Modern science emerged during the 1500s and 1600s within the context of a theistic culture that was predominantly Christian. Pioneer thinkers and scientists in various disciplines such as Copernicus, Galileo, Kepler, Pascal, Boyle, Newton, Halley, and others believed in a Creator God who had established operating laws in the universe and nature that could be discovered and applied for the benefit of humanity. In contrast, cultures in which pantheism predominated did not offer a favorable milieu for scientific endeavors because nature was seen as divine and therefore sacred.11

Some more recent approaches seek to establish connections among these basic worldviews. Theistic evolution, for example, attempts to bridge Christianity and naturalism, proposing that God operates in the world through the process of evolution. Neo-pantheism, on its part, suggests close links between scientific materialism and religious mysticism.12

Contrasting worldviews

During the last 150 years, the scientific community has gradually moved away from its Christian roots and has assumed a naturalistic worldview that discounts any supernatural intervention or transcendent meaning. It is within this worldview that the sciences are generally taught, research is conducted, and articles are rejected or accepted for publication. The most popular current expression of this worldview is secular humanism.13 The contrast between the basic tenets of biblical Christianity and secular humanism— as representatives of theism and naturalism—can be summarized as shown in the table on page 19.
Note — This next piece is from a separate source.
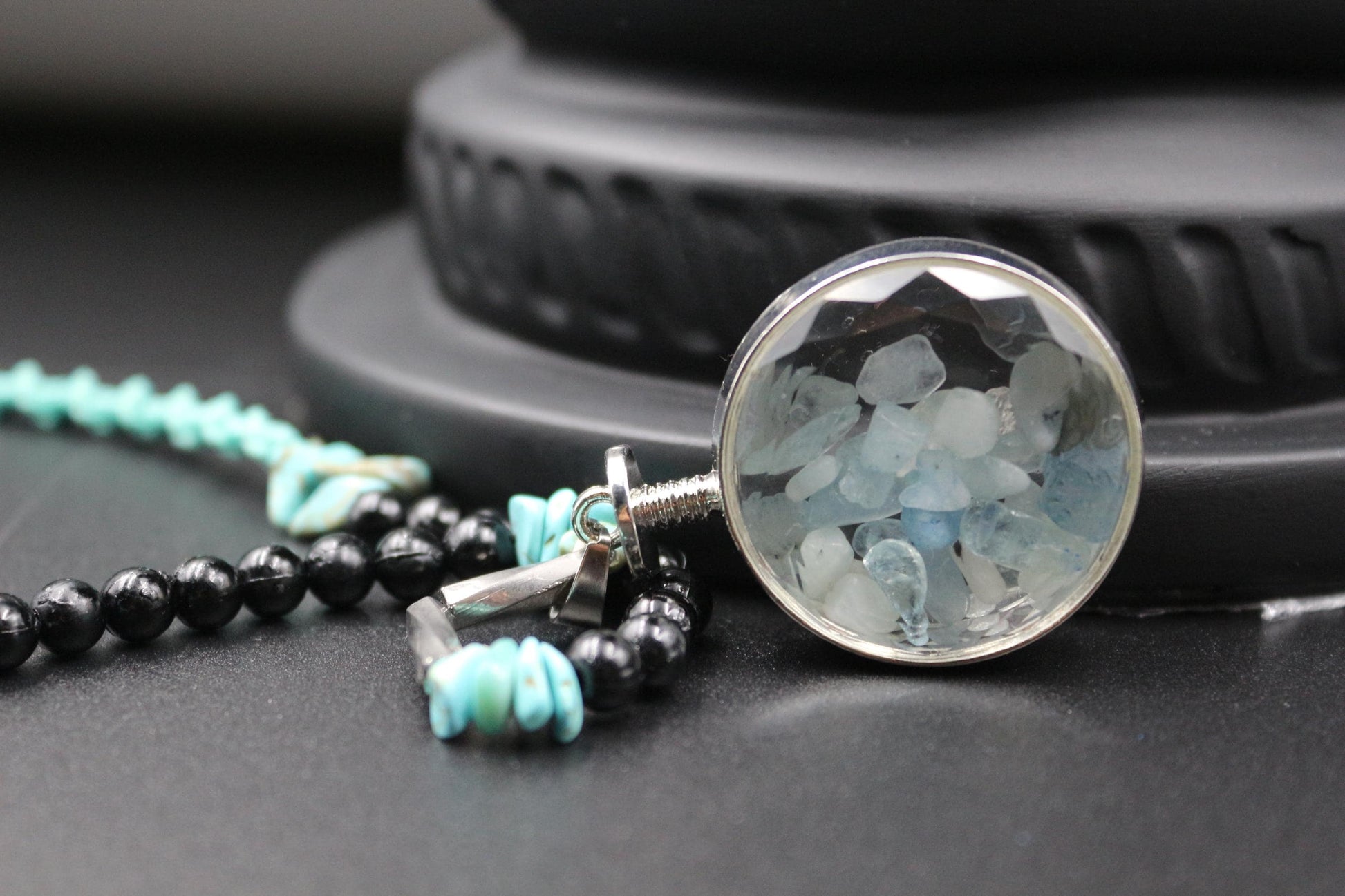 This unique handmade necklace combines a nautical theme with natural stones, creating a fresh and original look. The central element is a sphere-shaped pendant filled with aquamarine, complemented by a strand of turquoise and black beads.

The biblical worldview narrative

The existence of God and whether He created the universe and life are, by definition, questions beyond the scope and the capability of naturalistic science. The answers to such questions rely on worldview assumptions, which are based on evidence that may or may not be satisfactory to equally competent scientists. Yet, these answers influence the development of hypotheses and theses and the interpretation of data in many scientific endeavors.

From the beginning of modern science, Christian scientists have worked based on the premise that the Creator of the universe and life is the same God that communicated with humans through the Scriptures. Christians who anchor their convictions in the Bible develop a worldview and narrative that, as interpreted by Seventh-day Adventists, include seven key moments in cosmic history:

Creation in heaven. At some time in the remote past, God creates a perfect universe and populates it with intelligent and free creatures.

Rebellion in heaven. An exalted creature rebels against God’s principles and, after a struggle, is banished to earth with his followers.

Creation on earth. During six days in the recent past, God makes this planet inhabitable and creates plant and animal life, including the first pair of humans, who are endowed with free will.

Fall on earth. Tempted by the rebel creature, the first couple disobeys God and the entire web of life on this planet suffers the consequences, including a devastating global flood.

Redemption. Jesus Christ, the Creator Himself, comes to earth to rescue fallen humans, offering them free salvation and power to live a transformed life.

Second coming. At the end of time, Christ returns in glory as promised, and grants immortality to those who have accepted His offer of forgiveness and salvation.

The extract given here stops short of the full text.